Herstel nog geen structureel onderdeel van detentie
De afgelopen jaren is er meer aandacht gekomen voor herstelgericht werken in gevangenissen. Toch maken interventies die zich richten op bewustwording van het perspectief van slachtoffers, het nemen van verantwoordelijkheid voor het delict en het herstellen van toegebracht leed nog geen structureel onderdeel uit van het detentieprogramma. Veel inrichtingen weten niet goed hoe dit aan te pakken. Ook zijn nog niet overal herstelgerichte interventies beschikbaar en worden niet alle gedetineerden bereikt. Dat blijkt uit het vandaag verschenen rapport over de stand van zaken op het gebied van herstelgerichte detentie in Penitentiaire Inrichtingen (PI’s) en Justitiële Jeugdinrichtingen (JJI’s).

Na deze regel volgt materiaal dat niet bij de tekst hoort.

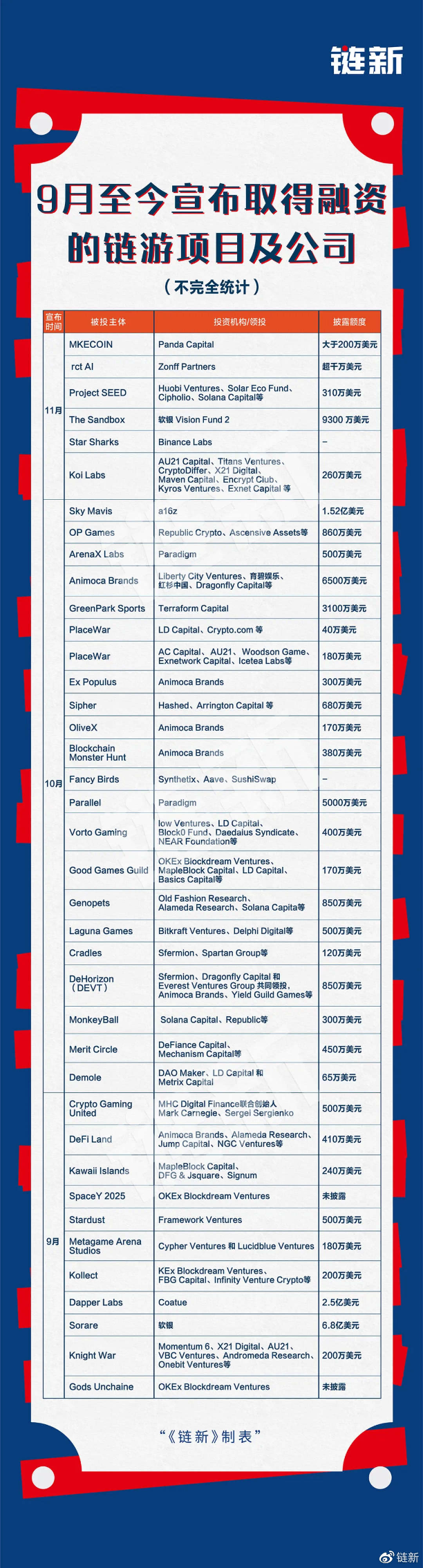 在元宇宙、NFT等概念加持下,链游仍不断升温,吸引着投资机构入场。据《链新》不完全统计,在过去一个月,有超20个链游类项目宣布取得了融资。红杉中国、罗斯柴尔德信托资本、马云的Blue Pool Capital以及三星风险投资公司等传统资本也纷纷押注这一新兴领域。
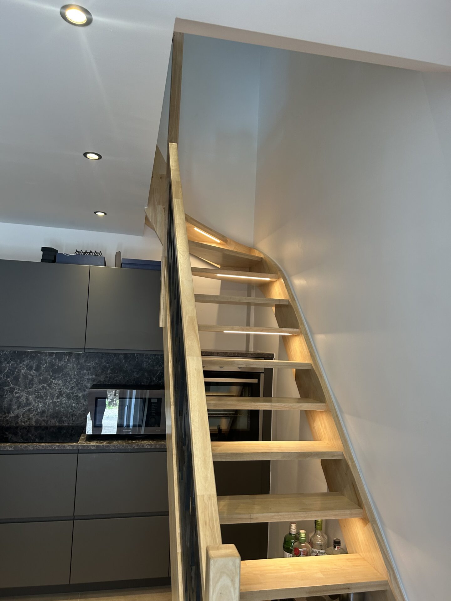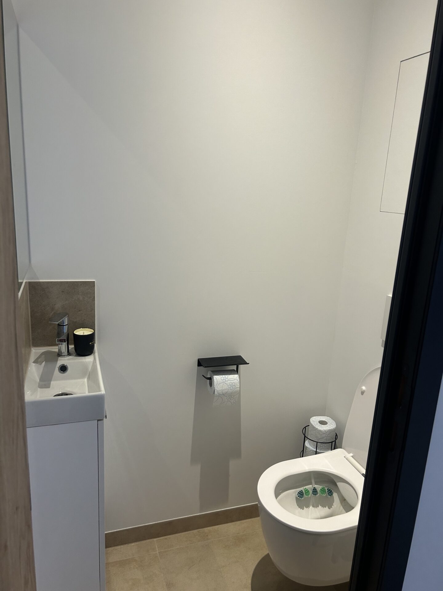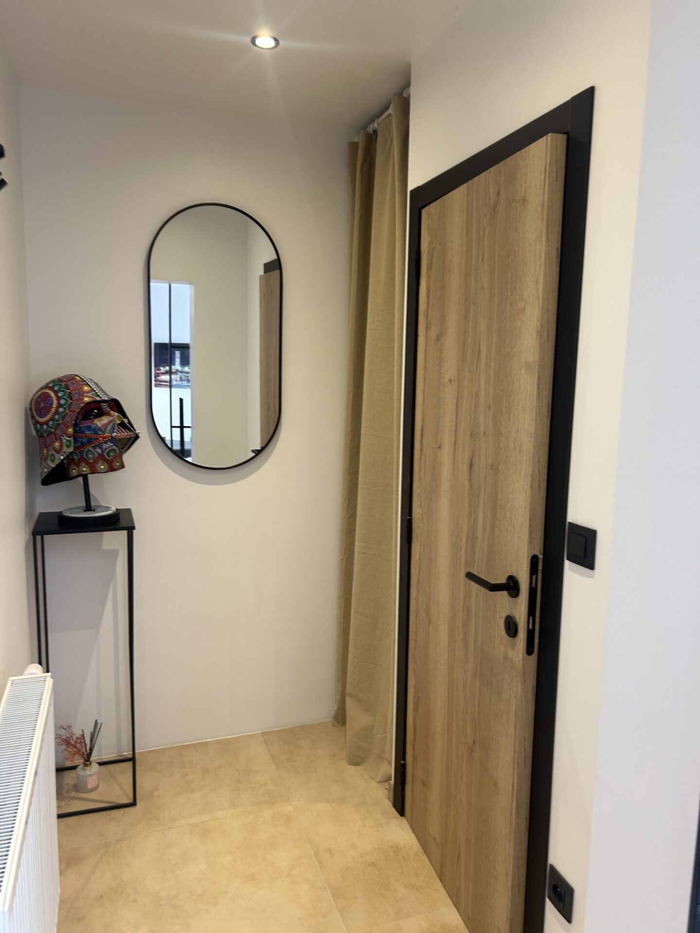 Elle offre un séjour lumineux, une cuisine entièrement équipée, un WC séparé et une penderie. À l’étage se trouve une grande chambre avec salle de bain ouverte avec wc.
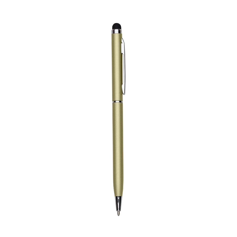 Caneta metálica com touch screen, carga esferográfica azul e acionamento por rotação.
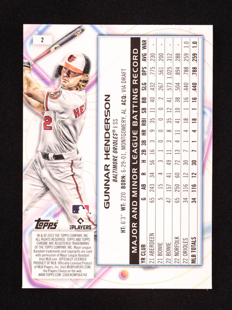 Gunnar Henderson 2023 Topps Cosmic Chrome #2 RC
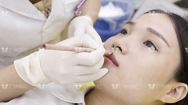The cosmetologist first conducted local anesthesia treatment on Julie's lip, and then selected the appropriate color for her lip according to her skin color, original lip color and personal preferences.
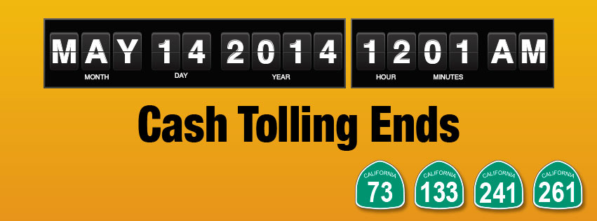 May 13 is the last day to pay with cash on The Toll Roads (State Routes 73, 133, 241 and 261). Cash toll collection will cease on the roadways on Wednesday, May 14, at 12:01 a.m.
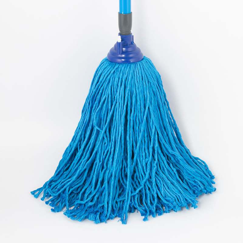 Un trapero de microfibra azul de 250 gramos con un cabo laminado de 140 cm. Excelente para mantener tus pisos limpios y brillantes.

Uit internationaal onderzoek blijkt dat herstelgerichte interventies bijdragen aan verwerking van het delict voor slachtoffers en aan een lagere recidive. Door de toegenomen (beleids)aandacht voor slachtofferrechten, is er ook in Nederland meer aandacht voor herstel in detentie. Het gaat dan bijvoorbeeld om cursussen gericht op zelfinzicht, bemiddeling tussen gedetineerde en slachtoffer en bemiddeling met het eigen netwerk van de gedetineerde, zoals de partner en kinderen.
Versnipperd aanbod
Bijna alle PI’s hebben een aantal jaar terug een herstelplan opgesteld om slachtofferbewustzijn en herstel in de inrichting te bevorderen. Dat deze herstelplannen weinig tot geen navolging hebben gekregen, heeft volgens de onderzoekers te maken met de grote versnippering in het aanbod aan interventies. Veel activiteiten rondom herstel zijn door enthousiaste medewerkers in gang gezet, naast hun overige werkzaamheden. Daarnaast biedt een groot aantal externe, niet-justitiële organisaties herstelgerichte interventies aan. Enkele PI’s hebben een gespecialiseerde medewerker, een herstelconsulent, aangesteld. Bij die instellingen staat herstelgerichte detentie duidelijk meer op de kaart. Gebrek aan nationale sturing en financiële middelen maken dat niet alle instellingen zo’n gespecialiseerde medewerker kunnen aanstellen.
De JJI’s besteden in hun reguliere behandeltraject aandacht aan herstel met het netwerk van de jeugdige, ook is de behandeling gericht op kritisch kijken naar het eigen gedrag. Aandacht voor herstel met slachtoffers is er meer dan voorheen, maar dit is nog niet ingebed in de reguliere werkwijze.
Aantal deelnemers interventies beperkt
In vrijwel alle inrichtingen kunnen volwassen en jeugdige gedetineerden gebruikmaken van een of meer herstelgerichte interventies. Wel verschilt het aanbod per inrichting en is het aantal deelnemers relatief beperkt. Ook is er nog terrein te winnen als het gaat om draagvlak onder detentiemedewerkers: dit blijft meestal beperkt tot een kleine groep. Detentiemedewerkers en medewerkers van externe herstelorganisaties denken dat door betere informatievoorziening, het vaker en pro-actiever aanbieden van interventies en betere begeleiding meer mensen kunnen worden bereikt dan nu het geval is.